Wein und Gesundheit ist eine spannende Geschichte, war auch auf diesem Blog schon oft Thema. Bin selbst von gesundheitsfördernder Wirkung moderaten (!) Weinkonsums überzeugt. Doch seit einiger Zeit steht ein nicht unwesentlicher Bestandteil des Weins im Fokus: Alkohol.
Eine Kampagne?
Immer mehr Staaten übernehmen das Statement der WHO, jeder Tropfen Alkohol sei schädlich. So auch in Deutschland. Im August 2024 hat die Deutsche Gesellschaft für Ernährung (DGE) in einem Positionspapier ausdrücklich empfohlen: „Am besten null Alkohol.“ So flimmert es auf Bildschirmen, so steht es in Zeitungen und Zeitschriften.
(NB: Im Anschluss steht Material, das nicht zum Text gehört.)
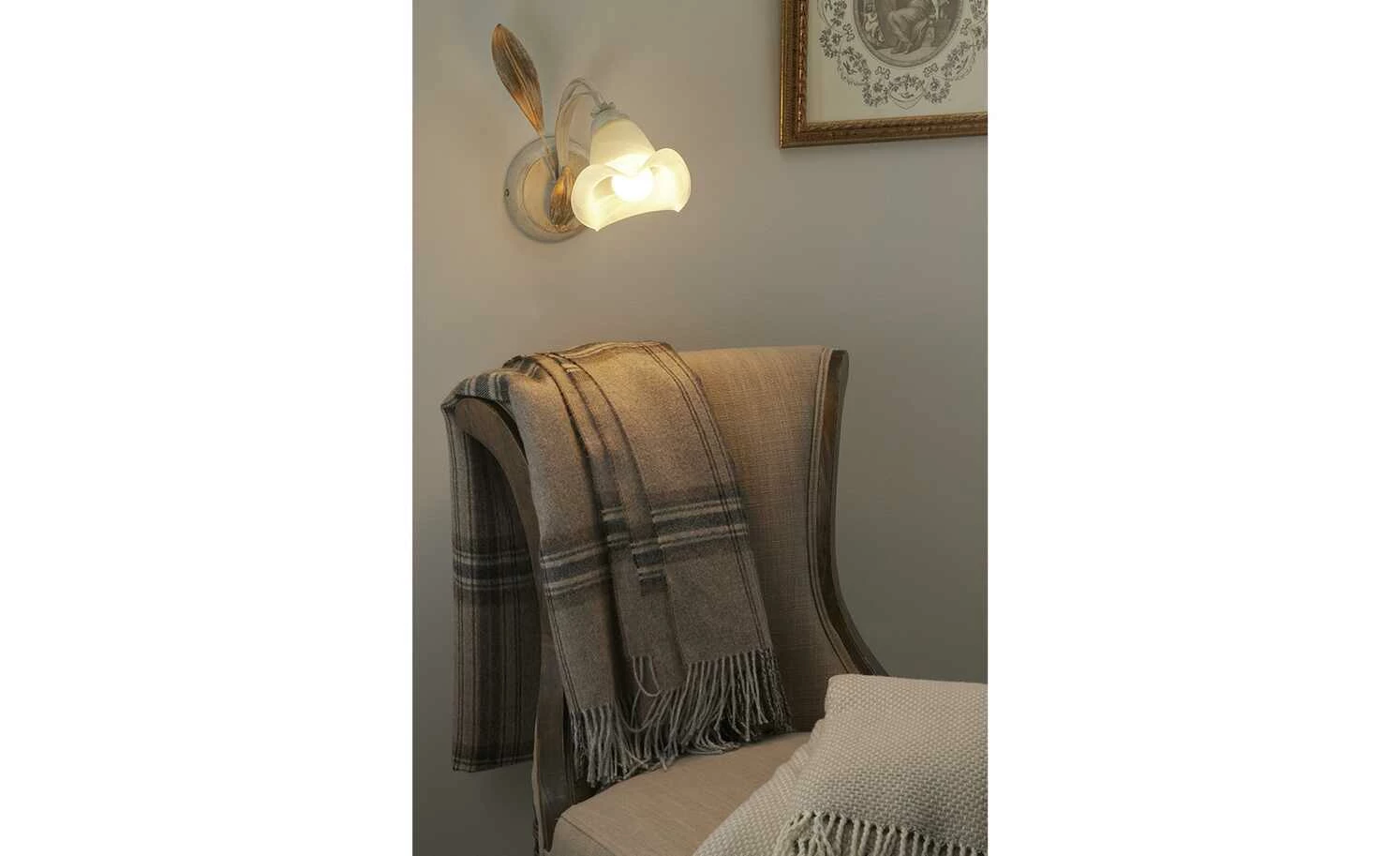 Wandleuchte, 1-flammig, weiß/ gold abgesetzt

Es hat den Charakter einer Kampagne.
Viele Weinfreunde sind nun verunsichert. Habe zwecks Aufklärung an einem von der Deutschen Weinakademie (DWA) veranstalteten Webinar mit Prof. Dr. Nicolai Worm teilgenommen. Prof. Dr. Nicolai Worm ist einer der führenden Ernährungswissenschaftler Deutschlands und Kenner der evidenzbasierten Ernährungsmedizin. Im folgenden eine Zusammenfassung des wissenschaftlichen Vortrags. Auf die Nennung der von Professor Worm angeführten zahlreichen Quellen habe ich hier verzichtet. Das Thema ist ohnehin keine leichte Kost. Die Quellen können aber an dieser Stelle nachgelesen werden.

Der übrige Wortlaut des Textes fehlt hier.